In the data below, locate the line containing "surmounted by winged" and the line containing "New 2024 Zero-cycle", then retype both and everything between them exactly. Pictures are not part of the copy.

*** Opening of Records shown ***

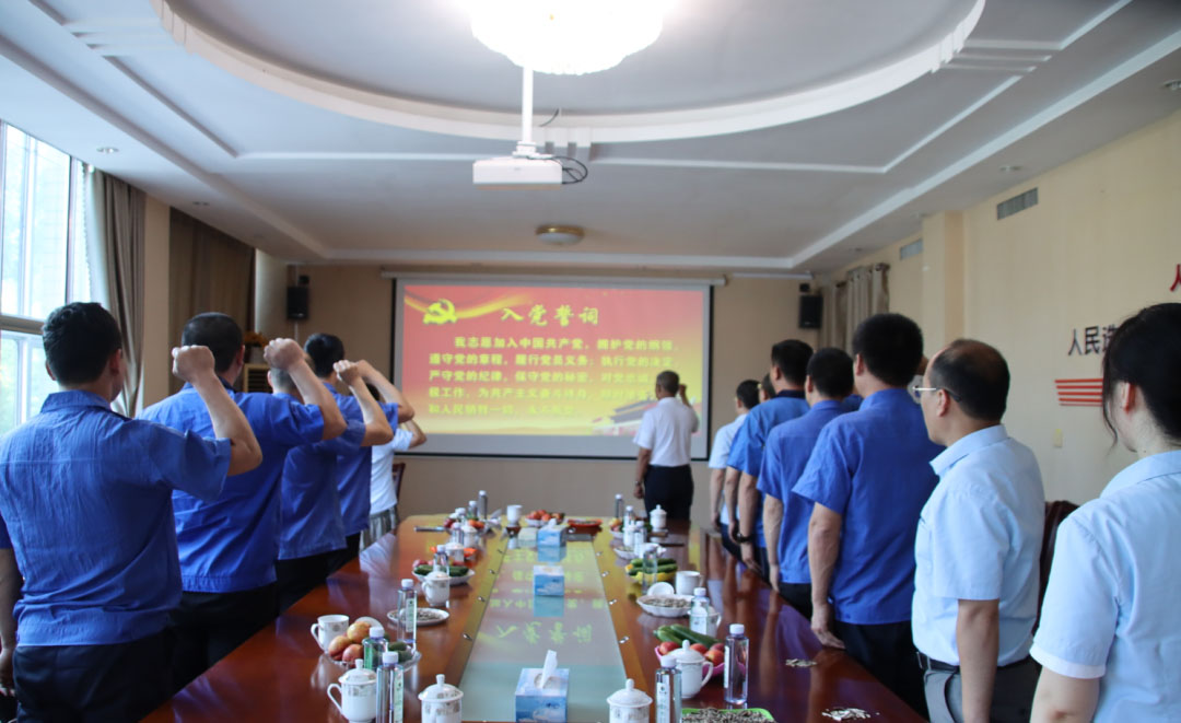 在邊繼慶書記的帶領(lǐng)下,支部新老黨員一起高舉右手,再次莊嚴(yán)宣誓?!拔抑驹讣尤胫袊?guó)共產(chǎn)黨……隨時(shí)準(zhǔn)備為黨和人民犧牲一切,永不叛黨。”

*** Close of Records shown ***
*** Opening of Records shown ***

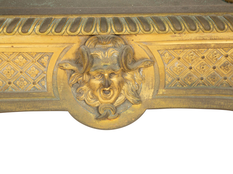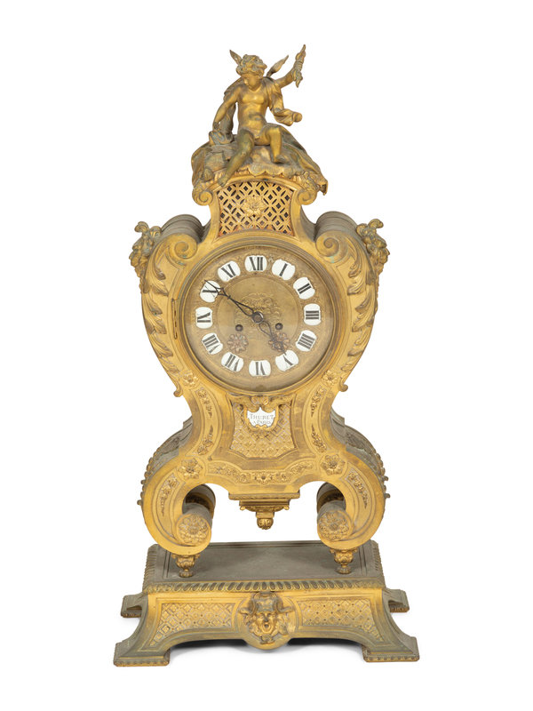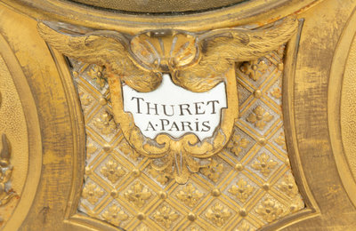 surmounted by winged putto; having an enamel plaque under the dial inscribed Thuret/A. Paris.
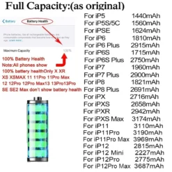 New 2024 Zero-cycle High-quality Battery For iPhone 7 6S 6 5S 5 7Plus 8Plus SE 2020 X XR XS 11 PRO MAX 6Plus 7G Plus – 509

*** Close of Records shown ***

**Solution for this problem:**
 surmounted by winged putto; having an enamel plaque under the dial inscribed Thuret/A. Paris.
 New 2024 Zero-cycle High-quality Battery For iPhone 7 6S 6 5S 5 7Plus 8Plus SE 2020 X XR XS 11 PRO MAX 6Plus 7G Plus – 509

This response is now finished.